Палата ждала, пока Роуз окончательно отплывет и сеанс приблизится к концу, а эмбарго закрепится в стране и не будет видно никакой альтернативы, кроме войны; затем медленно и неохотно начала свои отречения. 4 апреля Джон Клоптон из Виргинии [166] признал, что в 1798 году голосовал против армии. Его оправданием изменения своего голоса было то, что в 1798 году он считал, что нет оснований опасаться войны, в то время как в 1808 году он видел мало оснований надеяться на мир. И все же он голосовал за новые полки лишь потому, что их было так мало; и даже в случае реальной войны «он едва ли мог вообразить, что его можно склонить признать целесообразность увеличения регулярных сил до числа, значительно превышающего то, каким они будут» в соответствии с настоящим законопроектом. Клоптону ответил Рэндольф, который горячо выступал против новой армии по тем же причинам, которые заставили его выступить против старой. За Рэндольфом последовал Джордж М. Трупа из Джорджии — молодой человек, не бывший тогда столь заметным, каким ему было суждено стать, — который заявил, что никто не питает большей уверенности, чем он испытывает в ополчении; но «хорошо известно, что нынешняя несовершенная система ополчения по крайней мере в нашей части страны никуда не годится»; и небольшая кадровая армия была не опасна, а необходима, потому что она сохранит мир, готовясь к войне. [167] Смили из Пенсильвании добавил еще одну причину. Он утверждал, что Джон Рэндольф выступал за набор войск в 1805 году для защиты южной границы «от испанских набегов и оскорблений». Смили тогда возражал против предложения, и Палата отклонила его, но для Смили довод о том, что Рэндольф когда-то выступал за увеличение армии, казался решающим.

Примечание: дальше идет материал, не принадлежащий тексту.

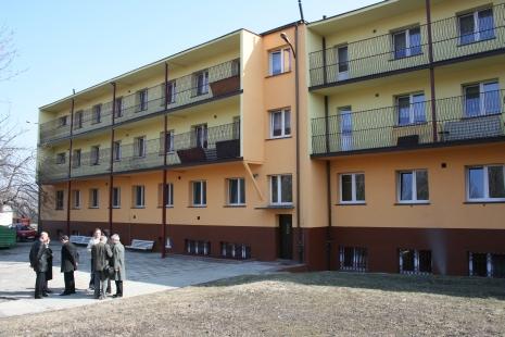 (...) która wykonano w 2009r. w ramach II etapu dwuletniego projektu pn. ,,Termomodernizacja budynków użyteczności publicznej będących własnością powiatu miechowskiego". Zakres pracy obejmował m.in. ocieplenie ścian zewnętrznych styropianem, położenie tynku akrylowego oraz wymianę instalacji odgromowej, rynien, opasek przy budynkach i wykonanie obróbek blacharskich. Całkowita wartość tej inwestycji wyniosła 240.000 zł, a złożyły się na nią środki z NFOŚiGW (72.000 zł), WFOŚiGW (164.700 zł) i PFOŚiGW (3.300 zł). Jak zauważył starosta Mieczysław Bertek, przed dziesięciu laty budynek przypominał czasy ,,głębokiego socjalizmu", a jego strona techniczna i użytkowa budziła wiele zastrzeżeń. Po przejęciu placówki przez powiat, systematycznie unowocześniano jej stan, wykonując w międzyczasie nowe pokrycie dachowe, wymieniając stolarkę okienną i drzwiową, dobudowując windę dla pensjonariuszy, doposażając budynek, remontując łazienki. Termomodernizacja była ostatnim etapem metamorfozy DPS przy ul. Warszawskiej, w której obecnie przebywa 90 pensjonariuszy - mężczyzn niepełnosprawnych intelektualnie (docelowo zgodnie z wymogami metrażowymi będzie 88 mieszkańców). W ocenie wicestarosty Stanisława Pietrzyka w obecnej kadencji powiat zainwestował w powyższą nieruchomość ok. 1,5 mln zł. Dyrektor DPS Małgorzata Stachnik - Skóra poinformowała, że pomieszczenia dla pensjonariuszy dostosowane są do niezbędnych norm, profesjonalna opieka opiekuńcza i medyczna jest zapewniona, a przed dyrekcją i pracownikami jeszcze jeden wysiłek - malowanie korytarzy, uzupełnienie umeblowania, drobne naprawy. To wszystko po to, aby w najbliższych miesiącach placówka spełniła wymogi unijne i uzyskała oczekiwane standardy, bez których nie mogłaby funkcjonować. W trakcie spotkania poruszono także kwestie kosztów miesięcznego utrzymania pensjonariuszy i relacji finansowych w tym względzie na linii: pensjonariusz-województwo-samorządy lokalne. Kierownictwo powiatu i dziennikarze mieli także okazję zapoznać się z wnętrzem DPS-u, by przekonać się, że uzyskanie standardów to kwestia najbliższego czasu.

После этого слово взял весьма уважаемый член от Южной Каролины — Дэвид Р. Уильямс, один из друзей Рэндольфа. [168] Он не мог заставить себя проголосовать за законопроект, потому что никакая половинчатая мера не годилась. Война потребовала бы не шести, а шестидесяти тысяч человек; оборонительные армии были хуже, чем никакие, ни в войне, ни в мирное время. Аргумент Уильямса был настолько очевидно слабым, что не смог убедить даже Мэйкона, который голосовал против двенадцати полков в 1798 году, но намеревался изменить свою позицию и верил, что способен доказать свою последовательность. Противореча самому законопроекту, он утверждал, что новая армия не является мирным истеблишментом; если бы это было так, он бы за нее не голосовал. Он осудил максиму о том, что для сохранения мира нации должны быть готовы к войне, и заявил, что между 1798 и 1808 годами не существует никакой аналогии, ибо в 1808 году Америка подверглась нападению со стороны иностранных держав, в то время как в 1798 году она сама нападала на них. [169]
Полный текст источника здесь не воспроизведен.